Dmytro Yevstafiyev

Personal information
- Full name: Dmytro Oleksandrovych Yevstafiyev
- Date of birth: 3 January 1985 (age 41)
- Place of birth: Haisyn, Ukrainian SSR, USSR
- Height: 1.84 m (6 ft 0 in)
- Position: Midfielder

Youth career
- 2000–2001: Chornomorets Odesa

Senior career*
- Years: Team / Apps / (Gls)
- 2001–2004: Chornomorets-2 Odesa / 51 / (0)
- 2003: Chornomorets Odesa / 0 / (0)
- 2004–2006: Podillya Khmelnytskyi / 48 / (1)
- 2007: Spartak Ivano-Frankivsk / 3 / (0)
- 2007: Ivan Odesa / 2 / (1)
- 2007: Mykolaiv / 16 / (1)
- 2008–2009: Desna Chernihiv / 51 / (0)
- 2010–2011: Helios Kharkiv / 35 / (0)
- 2011–2013: Naftovyk-Ukrnafta Okhtyrka / 42 / (0)
- 2013–2016: Vinnytsia / 46 / (5)

= Dmytro Yevstafiyev =

Soviet footballer and Ukrainian coach

Dmytro Oleksandrovych Yevstafiyev (Дмитро Олександрович Євстафієв; born 3 January 1985) is a Ukrainian retired footballer.

==Career==
===Chornomorets Odesa===
He began to play for Chornomorets-2 Odesa the second team of the city of Odesa in 2001.

===Podillya Khmelnytskyi===
In 2004 he moved to Podillya Khmelnytskyi for two seasons.

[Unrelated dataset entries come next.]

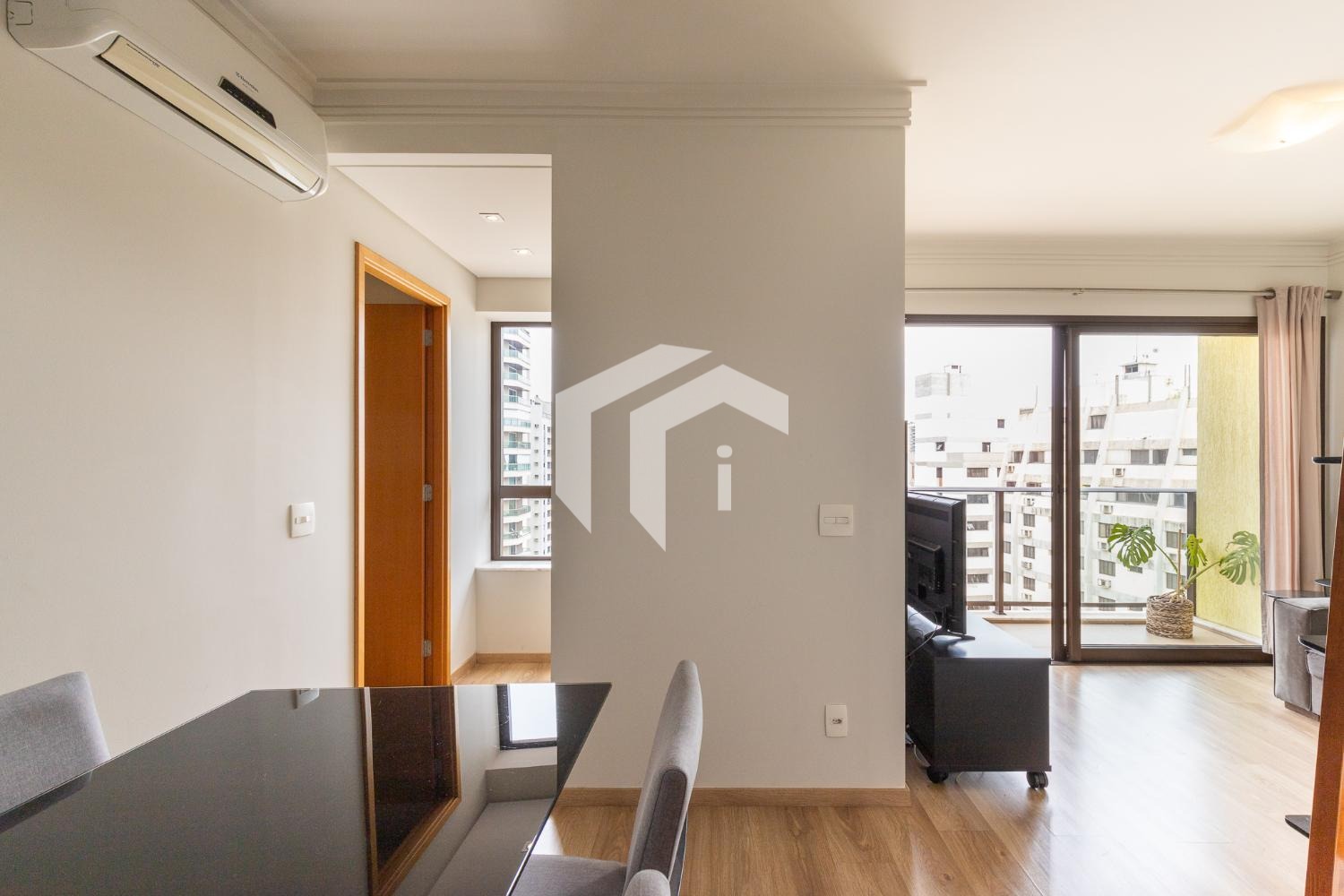 Com uma suíte cuidadosamente planejada e climatizada, além de um espaçoso living para dois ambientes que se estende até uma acolhedora varanda.
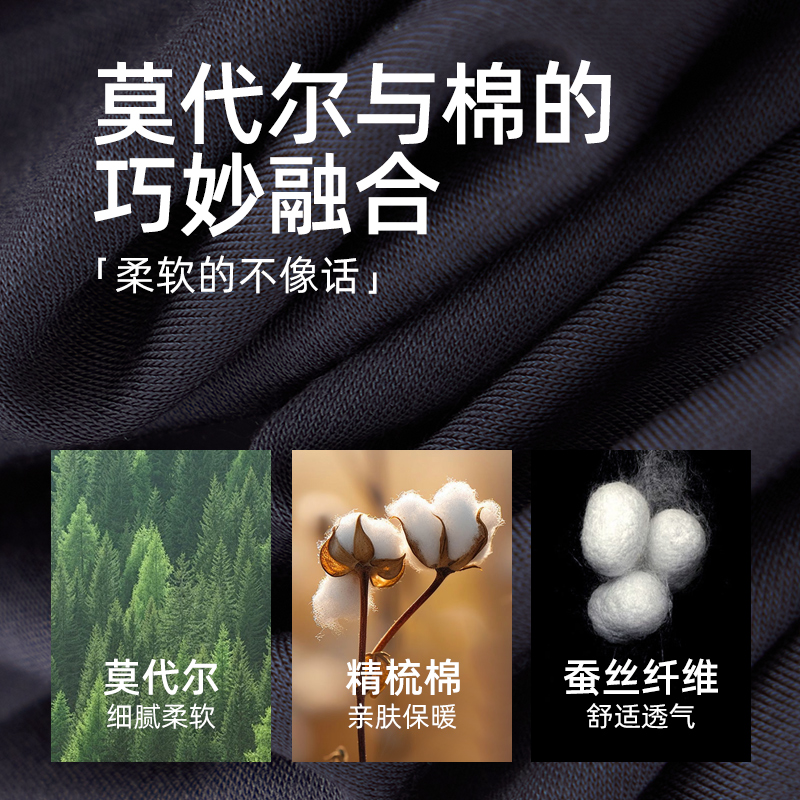 男款 含蚕丝秋衣秋裤 无痕圆领亲肤打底 套装 莫代尔棉保暖内衣男士
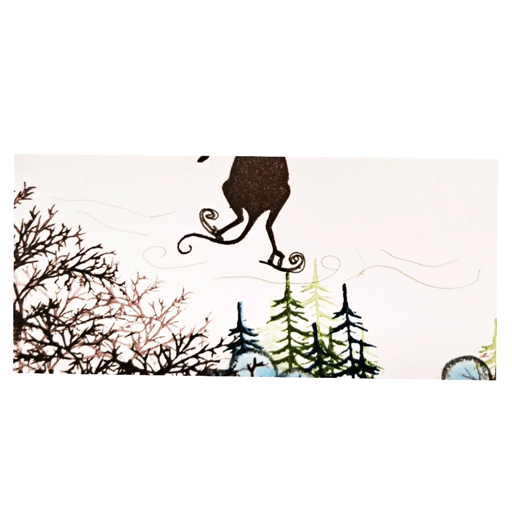 Add some more trees by stamping the Birch (LAV649), the Small Trees (LAV663), and the Fern Leaf (LAV124), all using Versafine Clair Ink in Fallen Leaves.

===Spartak Ivano-Frankivsk===
Then he moved to Spartak Ivano-Frankivsk.

===Mykolaiv===
In the summer of 2007 he moved to Mykolaiv.

===Desna Chernihiv===
In January 2008 he moved to Desna Chernihiv the main club of the city of Chernihiv until 2009 where he played 51 matches.

===Helios Kharkiv===
In the winter transfer window of 2010 he moved to Helios Kharkiv.

===Naftovyk-Ukrnafta Okhtyrka===
In the summer of 2011 he moved to Naftovyk-Ukrnafta Okhtyrka for two seasons, playing 42 matches.